(Available records)
::::::::::
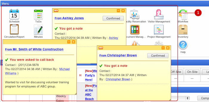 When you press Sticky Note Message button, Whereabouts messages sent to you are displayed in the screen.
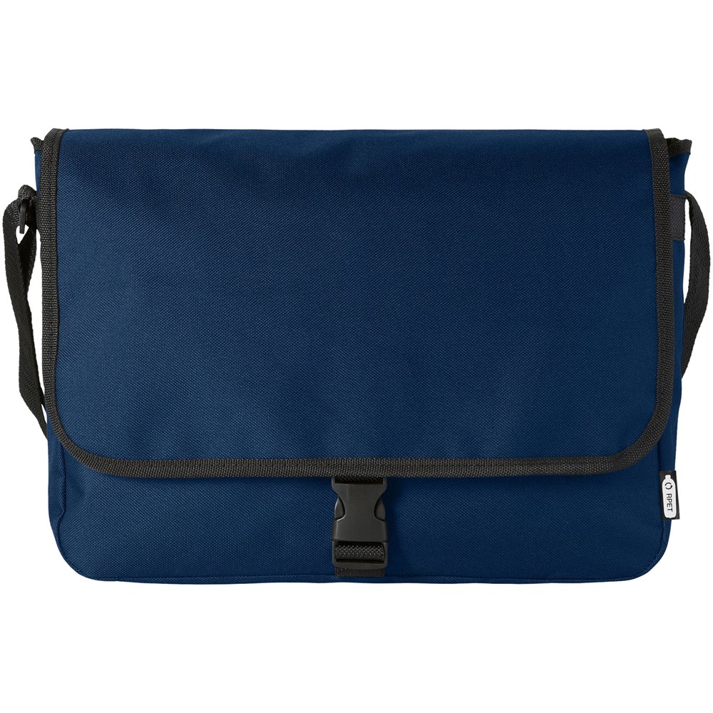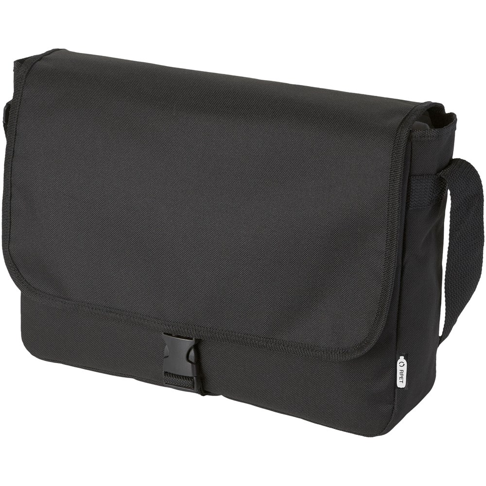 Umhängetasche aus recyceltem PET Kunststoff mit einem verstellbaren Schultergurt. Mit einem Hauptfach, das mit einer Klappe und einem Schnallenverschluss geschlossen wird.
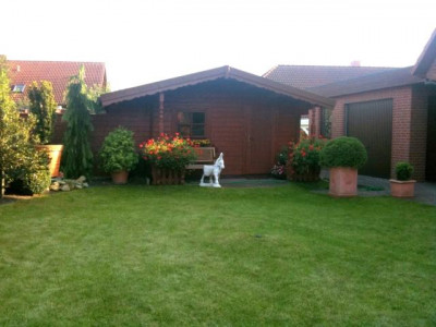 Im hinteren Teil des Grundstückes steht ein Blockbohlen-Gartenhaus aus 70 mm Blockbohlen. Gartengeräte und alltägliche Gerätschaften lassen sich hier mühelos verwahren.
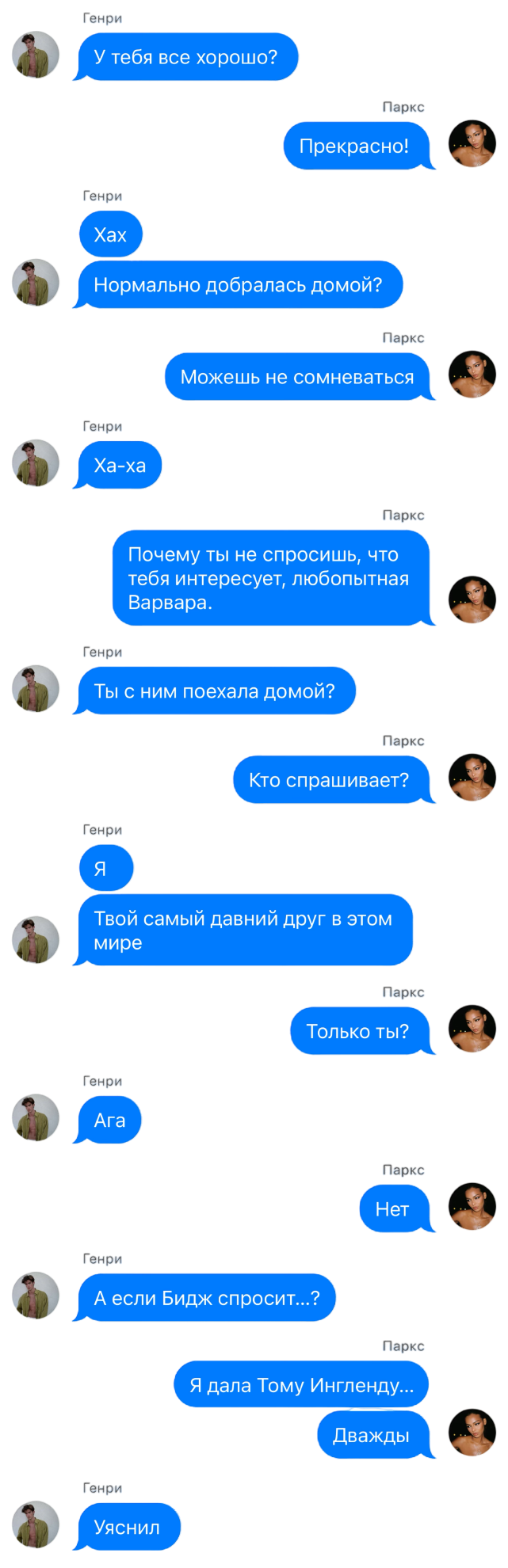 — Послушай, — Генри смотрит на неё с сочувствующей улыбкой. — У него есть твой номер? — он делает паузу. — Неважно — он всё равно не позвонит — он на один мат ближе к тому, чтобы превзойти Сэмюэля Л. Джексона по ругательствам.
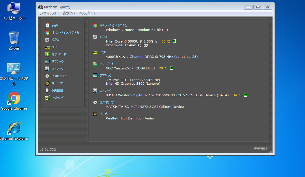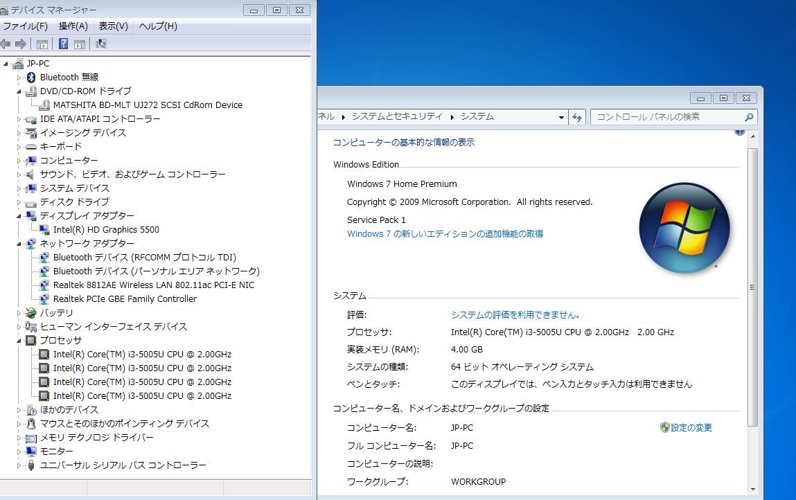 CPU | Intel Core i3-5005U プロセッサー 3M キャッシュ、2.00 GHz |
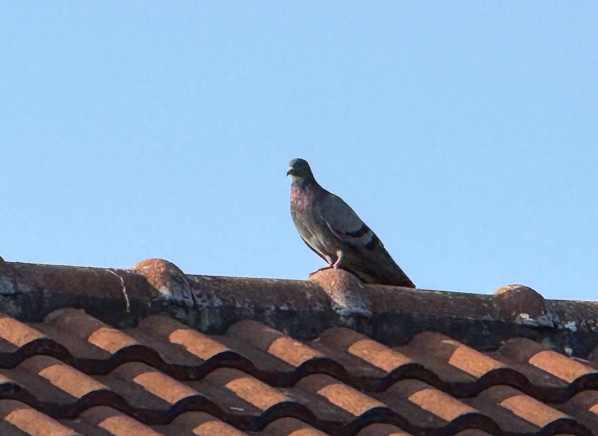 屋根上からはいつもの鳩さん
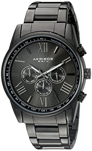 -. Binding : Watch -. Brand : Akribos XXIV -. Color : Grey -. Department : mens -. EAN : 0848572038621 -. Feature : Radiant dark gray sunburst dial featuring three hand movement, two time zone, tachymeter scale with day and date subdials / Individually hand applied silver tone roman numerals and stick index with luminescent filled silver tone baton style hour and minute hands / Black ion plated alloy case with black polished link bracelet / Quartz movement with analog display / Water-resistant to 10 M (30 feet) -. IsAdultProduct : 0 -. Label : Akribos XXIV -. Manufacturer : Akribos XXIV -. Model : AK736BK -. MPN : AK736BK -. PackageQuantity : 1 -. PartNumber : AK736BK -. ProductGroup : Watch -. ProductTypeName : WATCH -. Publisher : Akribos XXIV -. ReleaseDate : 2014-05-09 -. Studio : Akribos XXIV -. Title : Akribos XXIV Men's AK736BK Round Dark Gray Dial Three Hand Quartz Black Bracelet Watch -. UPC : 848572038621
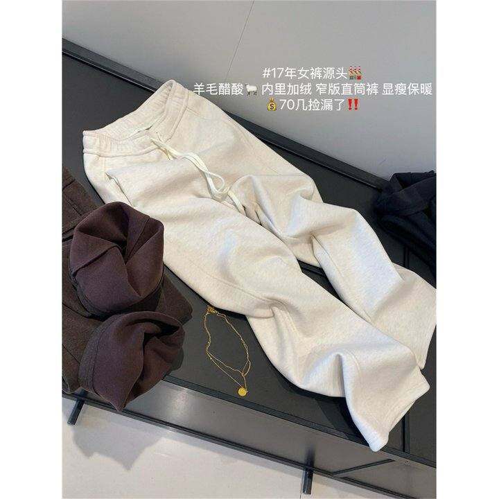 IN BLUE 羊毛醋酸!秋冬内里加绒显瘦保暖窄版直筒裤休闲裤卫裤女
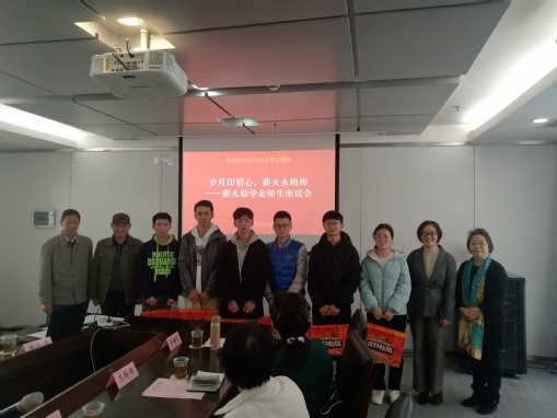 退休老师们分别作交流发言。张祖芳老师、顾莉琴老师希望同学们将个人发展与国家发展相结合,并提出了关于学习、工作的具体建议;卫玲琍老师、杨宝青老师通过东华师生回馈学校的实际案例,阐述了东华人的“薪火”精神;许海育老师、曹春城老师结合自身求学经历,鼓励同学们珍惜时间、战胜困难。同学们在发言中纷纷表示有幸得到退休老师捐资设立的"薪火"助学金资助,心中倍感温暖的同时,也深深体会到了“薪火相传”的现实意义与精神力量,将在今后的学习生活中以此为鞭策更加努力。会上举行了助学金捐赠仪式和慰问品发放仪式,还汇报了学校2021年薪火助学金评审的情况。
::::::::::
(Your objective) The expected output is each entry given again word for word, with pictures dropped.

(Answer to this exercise)
 When you press Sticky Note Message button, Whereabouts messages sent to you are displayed in the screen.
 Umhängetasche aus recyceltem PET Kunststoff mit einem verstellbaren Schultergurt. Mit einem Hauptfach, das mit einer Klappe und einem Schnallenverschluss geschlossen wird.
 Im hinteren Teil des Grundstückes steht ein Blockbohlen-Gartenhaus aus 70 mm Blockbohlen. Gartengeräte und alltägliche Gerätschaften lassen sich hier mühelos verwahren.
 — Послушай, — Генри смотрит на неё с сочувствующей улыбкой. — У него есть твой номер? — он делает паузу. — Неважно — он всё равно не позвонит — он на один мат ближе к тому, чтобы превзойти Сэмюэля Л. Джексона по ругательствам.
 CPU | Intel Core i3-5005U プロセッサー 3M キャッシュ、2.00 GHz |
 屋根上からはいつもの鳩さん
 -. Binding : Watch -. Brand : Akribos XXIV -. Color : Grey -. Department : mens -. EAN : 0848572038621 -. Feature : Radiant dark gray sunburst dial featuring three hand movement, two time zone, tachymeter scale with day and date subdials / Individually hand applied silver tone roman numerals and stick index with luminescent filled silver tone baton style hour and minute hands / Black ion plated alloy case with black polished link bracelet / Quartz movement with analog display / Water-resistant to 10 M (30 feet) -. IsAdultProduct : 0 -. Label : Akribos XXIV -. Manufacturer : Akribos XXIV -. Model : AK736BK -. MPN : AK736BK -. PackageQuantity : 1 -. PartNumber : AK736BK -. ProductGroup : Watch -. ProductTypeName : WATCH -. Publisher : Akribos XXIV -. ReleaseDate : 2014-05-09 -. Studio : Akribos XXIV -. Title : Akribos XXIV Men's AK736BK Round Dark Gray Dial Three Hand Quartz Black Bracelet Watch -. UPC : 848572038621
 IN BLUE 羊毛醋酸!秋冬内里加绒显瘦保暖窄版直筒裤休闲裤卫裤女
 退休老师们分别作交流发言。张祖芳老师、顾莉琴老师希望同学们将个人发展与国家发展相结合,并提出了关于学习、工作的具体建议;卫玲琍老师、杨宝青老师通过东华师生回馈学校的实际案例,阐述了东华人的“薪火”精神;许海育老师、曹春城老师结合自身求学经历,鼓励同学们珍惜时间、战胜困难。同学们在发言中纷纷表示有幸得到退休老师捐资设立的"薪火"助学金资助,心中倍感温暖的同时,也深深体会到了“薪火相传”的现实意义与精神力量,将在今后的学习生活中以此为鞭策更加努力。会上举行了助学金捐赠仪式和慰问品发放仪式,还汇报了学校2021年薪火助学金评审的情况。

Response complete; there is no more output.